▶ [Aim of the exercise]:
The lines below, from the one holding "6月てがたんの観察生物とルート" through the one holding "SWEAT PARKA FHCL", are to be restated word for word, with all images left out.

[Source records]
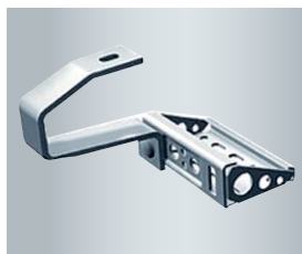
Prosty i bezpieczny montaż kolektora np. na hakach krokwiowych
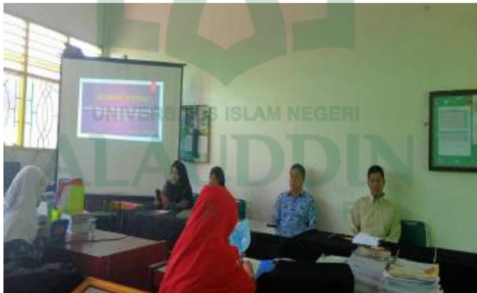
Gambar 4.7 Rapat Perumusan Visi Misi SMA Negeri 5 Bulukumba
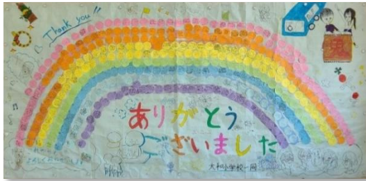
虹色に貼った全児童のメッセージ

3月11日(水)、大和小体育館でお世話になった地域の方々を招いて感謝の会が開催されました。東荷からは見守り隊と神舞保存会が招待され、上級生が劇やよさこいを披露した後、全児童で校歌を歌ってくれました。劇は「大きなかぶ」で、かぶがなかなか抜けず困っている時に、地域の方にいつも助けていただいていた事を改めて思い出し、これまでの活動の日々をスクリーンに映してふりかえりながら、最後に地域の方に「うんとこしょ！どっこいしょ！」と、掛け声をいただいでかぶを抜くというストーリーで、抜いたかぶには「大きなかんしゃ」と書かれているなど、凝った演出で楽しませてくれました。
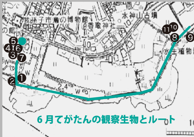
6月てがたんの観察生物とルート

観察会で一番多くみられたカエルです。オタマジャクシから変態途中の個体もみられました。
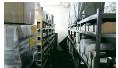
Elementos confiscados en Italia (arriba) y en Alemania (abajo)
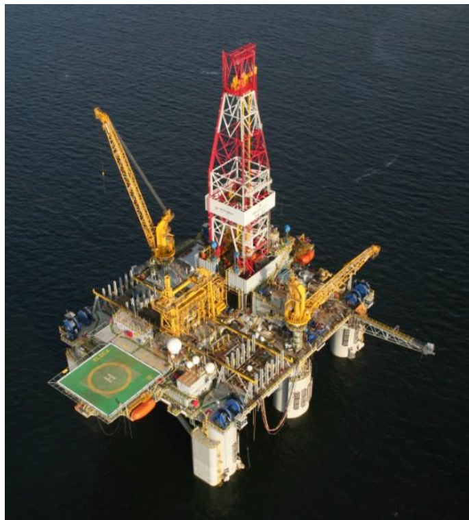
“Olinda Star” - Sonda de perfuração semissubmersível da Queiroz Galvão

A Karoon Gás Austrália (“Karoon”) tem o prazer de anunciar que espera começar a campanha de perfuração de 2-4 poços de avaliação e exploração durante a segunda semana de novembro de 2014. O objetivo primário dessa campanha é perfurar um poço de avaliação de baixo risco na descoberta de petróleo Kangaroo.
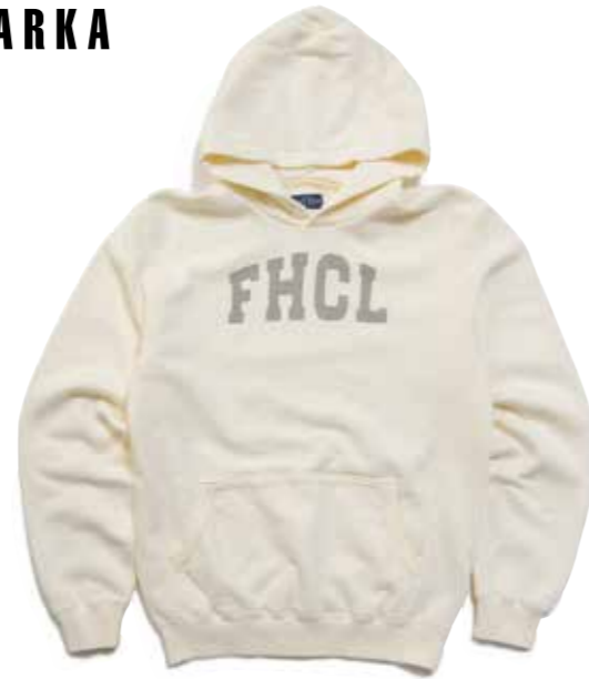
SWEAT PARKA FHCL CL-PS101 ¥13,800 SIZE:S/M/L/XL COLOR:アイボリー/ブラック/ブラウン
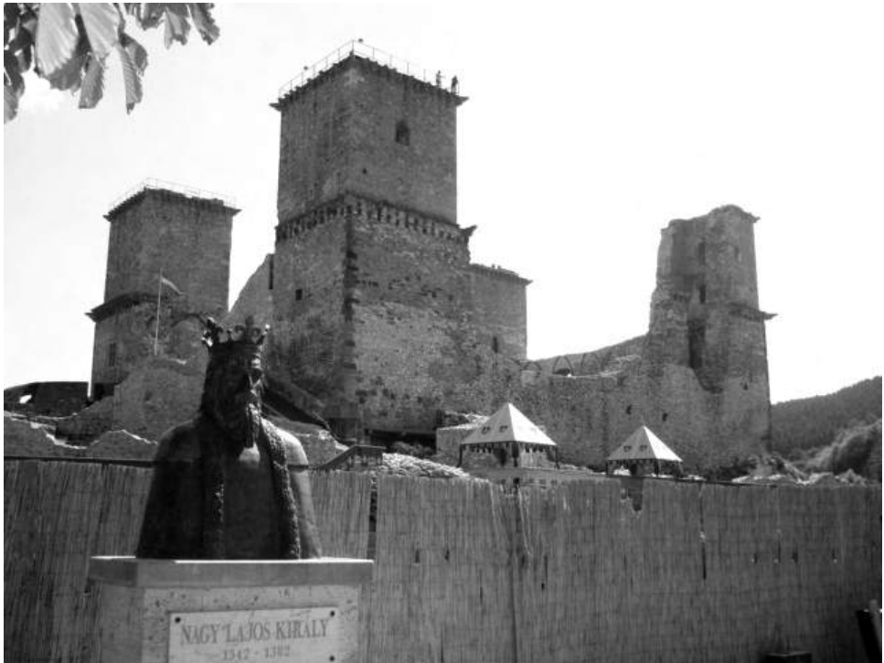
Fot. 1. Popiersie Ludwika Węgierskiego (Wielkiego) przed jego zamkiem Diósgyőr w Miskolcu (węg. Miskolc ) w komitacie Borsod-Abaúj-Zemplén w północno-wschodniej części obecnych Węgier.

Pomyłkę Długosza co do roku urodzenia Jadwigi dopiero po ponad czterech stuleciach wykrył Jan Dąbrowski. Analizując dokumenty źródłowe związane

▶ [Task result]:
6月てがたんの観察生物とルート

観察会で一番多くみられたカエルです。オタマジャクシから変態途中の個体もみられました。
Elementos confiscados en Italia (arriba) y en Alemania (abajo)
“Olinda Star” - Sonda de perfuração semissubmersível da Queiroz Galvão

A Karoon Gás Austrália (“Karoon”) tem o prazer de anunciar que espera começar a campanha de perfuração de 2-4 poços de avaliação e exploração durante a segunda semana de novembro de 2014. O objetivo primário dessa campanha é perfurar um poço de avaliação de baixo risco na descoberta de petróleo Kangaroo.
SWEAT PARKA FHCL CL-PS101 ¥13,800 SIZE:S/M/L/XL COLOR:アイボリー/ブラック/ブラウン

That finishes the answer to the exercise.